In anesthesia practice, to suppress hemodynamic responses to laryngoscopy and tracheal intubation; in addition to pharmacological approach, glossopharyngeal and superior laryngeal nerve blocks can be applied with various drugs. Bolus and infusion applications of dexmedetomidine suppress sympathetic activation in endotracheal intubation and extubation. Dexmedetomidine has found widespread use in many areas of daily anesthesia practice because of its inhibition of sympathetic activity, and reduction in hemodynamic response with its effects on sympathetic nerve endings, induction of sedation, anxiolysis and analgesia with its anesthetic and opioid protective effect without any impact on spontaneous breathing. Tissue perfusion decreases due to decrease in cardiac output and blood pressure secondary to sympatholytic activation of central and peripheral pathways following infusion of its loading dose with resultant prolongation of recovery from neuromuscular block, decrease in the requirement for Musculo relaxant drugs and decrease opioid use, making it attractive for use as an adjunct to general anesthesia.

Dexmedetomidine (Precedex), a potent and highly selective α-2 adrenoceptor agonist, has been described as a unique sedative with analgesic, sympatholytic, and respiratory-preserving properties. It has been approved by the U.S. Food and Drug Administration for short-term sedation (< 24 h) of initially intubated and mechanically ventilated adult patients in the intensive care unit (ICU) and for sedation of non-intubated patients during surgical and other procedures. It's clinical applications have been greatly expanded in recent decades due to many favorable physiological effects. Dexmedetomidine is currently being used off-label intraoperatively in the dose range of 0.2 - 0.7 μg/kg/hr to reduce opioid and anesthetic requirements, which may shorten recovery time.

While it has been suggested that alpha2-agonists decrease the adrenergic response to the trauma of surgery and improve perioperative hemodynamic stability, the most frequently reported adverse reactions to dexmedetomidine use in a Phase III study of 401 patients were hypotension, nausea, and bradycardia. A meta-analysis of several randomized controlled trials of dexmedetomidine in noncardiac surgery found a trend towards improved cardiac outcomes, but the incidence of perioperative hypotension and bradycardia was significantly increased.

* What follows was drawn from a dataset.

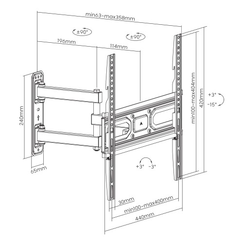- Supports TVs with a distance from the wall of 63 to 358 mm
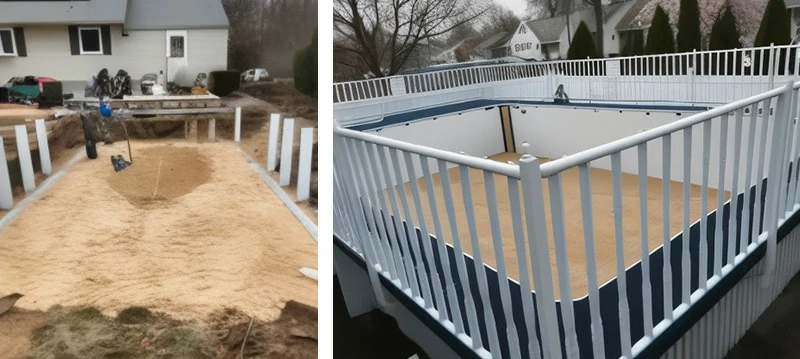 3.Bring in the sand for the pool bottom. Spread it as evenly as possible, wet it thoroughly, and compact it. Wet it again before installing the liner.

One of the main methods to control arterial blood pressure intraoperatively, was to use a typical antihypertensive regimen on an as-needed basis as well as common methods; adjustments in the concentration of volatile anesthetic. The investigator, therefore, designed a study to determine whether the addition of dexmedetomidine would provide a greater perioperative hemodynamic stability in patients undergoing thyroidectomy of active thyroid secreting tumors with less side effects or non.

Aim of the study to Investigate whether adding dexmedetomidine infusion would improve perioperative hemodynamic stability in patients undergoing thyroidectomy for active thyroid secreting tumors with fewer side effects.

After obtaining approval from south Egypt cancer institute's ethics committee, 80 cancer thyroid patients undergoing thyroid resection surgeries will be enrolled in the study. Written informed consent will be taken from each patient.Consented patients were allocated into one of two anesthetic groups: labetalol group or Dexmedetomidine group after being assessed for inclusion and exclusion criteria.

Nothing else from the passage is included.